1. If the adapter yields a `ParsedPage` with non-empty `boxes` → the page receives an invisible overlay (subject to `min_confidence`).
2. If the adapter omits the page, or yields it with no boxes → the page is left exactly as-is.

For the bundled liteparse adapter, "has OCR content" means the page contains at least one `textItems` entry with `fontName == "OCR"`. Native-text items keep the real font name and are skipped, so the original PDF text is never duplicated.

## Adapters

An adapter is a small class that turns a source's JSON into normalized `ParsedPage` objects. The protocol is one method:

```python
from collections.abc import Iterable
from pdf_textlayer import ParsedPage, register_adapter

class MyAdapter:
def parse(self, data) -> Iterable[ParsedPage]:
for page in data["pages"]:
yield ParsedPage(
page_number=page["index"] + 1, # 1-indexed
boxes=[...], # list[TextBox]
)

register_adapter("mine", MyAdapter())
# pdf-textlayer in.pdf in.json out.pdf --from mine
```

Bundled adapters:

| Name | Source | Notes |
|------|--------|-------|
| `liteparse` | [liteparse](https://github.com/run-llama/liteparse) `--format json` | Items with `fontName == "OCR"` per the [OCR API spec](https://github.com/run-llama/liteparse/blob/main/OCR_API_SPEC.md). |

PRs adding more adapters (Azure DI, Textract, hOCR, …) are welcome.

## Fonts and non-Latin text

The default font (`helv` = Helvetica) covers Latin-1. Unsupported glyphs are replaced with `?` so each item still emits a usable text run; set `Options(sanitize_unsupported=False)` to drop those items instead.

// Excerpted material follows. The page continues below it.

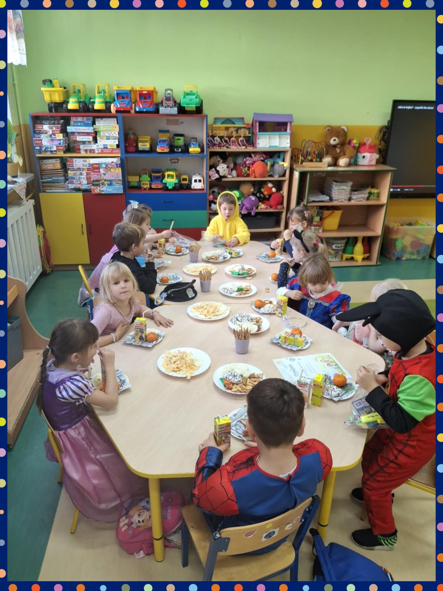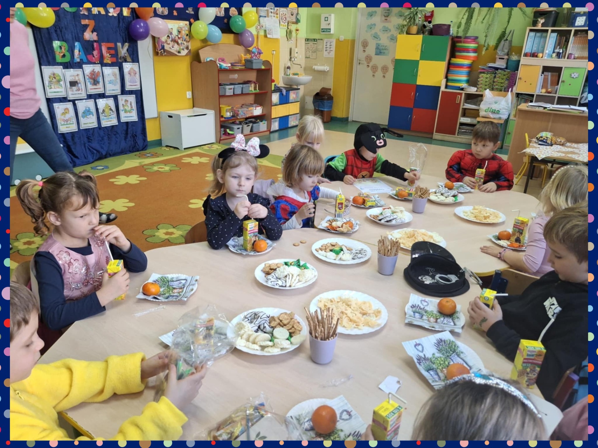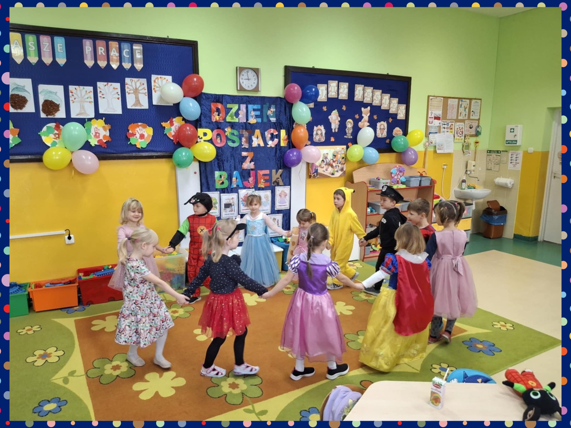 Bajki towarzyszą nam od najmłodszych lat, rozweselają i bawią. Dzień Postaci z Bajek to święto, które ma na celu przypomnienie, jak ważną rolę odgrywają bajki w życiu dzieci, wpływając na ich wyobraźnię, kreatywność oraz ucząc podstawowych wartości, takich jak dobro, odwaga, przyjaźń i empatia. W naszym przedszkolu Dzień Postaci z Bajek odbył się 7 listopada 2025 r. W tym dniu dzieci przyszły przebrane w stroje swoich ulubionych postaci z bajek. W tym dniu zabawom, konkursom i tańcom nie było końca. Dzieci rozpoznawały bajkowe postaci i tytuły bajek po rekwizytach. Rozwiązywały bajkowe zagadki oraz wykonywały bajkowe zadania. Były muzyczne bajkowe zgadywanki, zabawy ruchowe oraz prezentacje dziecięcych przebrań. Odbyło się również rozstrzygnięcie konkursu plastycznego „ Moja ulubiona postać z bajki”. Dzieci otrzymały nagrody i dyplomy za piękne prace, które wręczyła pani dyrektor. Dopełnieniem całości był słodki poczęstunek.

For CJK documents, pass a bundled PyMuPDF font:

```bash
pdf-textlayer in.pdf parsed.json out.pdf --font china-s
# china-s, china-t, japan, korea — bundled with PyMuPDF
```

## How the overlay is drawn

For each box, the font is scaled so the rendered text width matches the box width. The insertion point is the glyph baseline, placed at `(x, y + height)`. Text is written with PDF render mode 3 — present in the content stream, never painted — so search, copy/paste, and assistive tech work, but the visible page is unchanged.

## Limitations

- **Rotated text is drawn upright.** OCR sources that don't include rotation metadata can't be rendered rotated; in practice most pipelines de-rotate before emitting boxes.
- **Invisible text uses PDF render mode 3.** All modern viewers and search indexers handle this correctly; very old tooling may not extract it.
- **No de-duplication across overlay and native text.** If you point the tool at native-text pages but the adapter treats them as OCR, you'll get duplicated search hits. The bundled `liteparse` adapter avoids this by filtering on `fontName`.

## Contributing

Bug reports, docs improvements, and new adapters are welcome — open an issue or PR on [GitHub](https://github.com/patelvivekdev/pdf-textlayer/issues).

## License

Released under the **MIT License**. See [`LICENSE`](LICENSE) for the full text.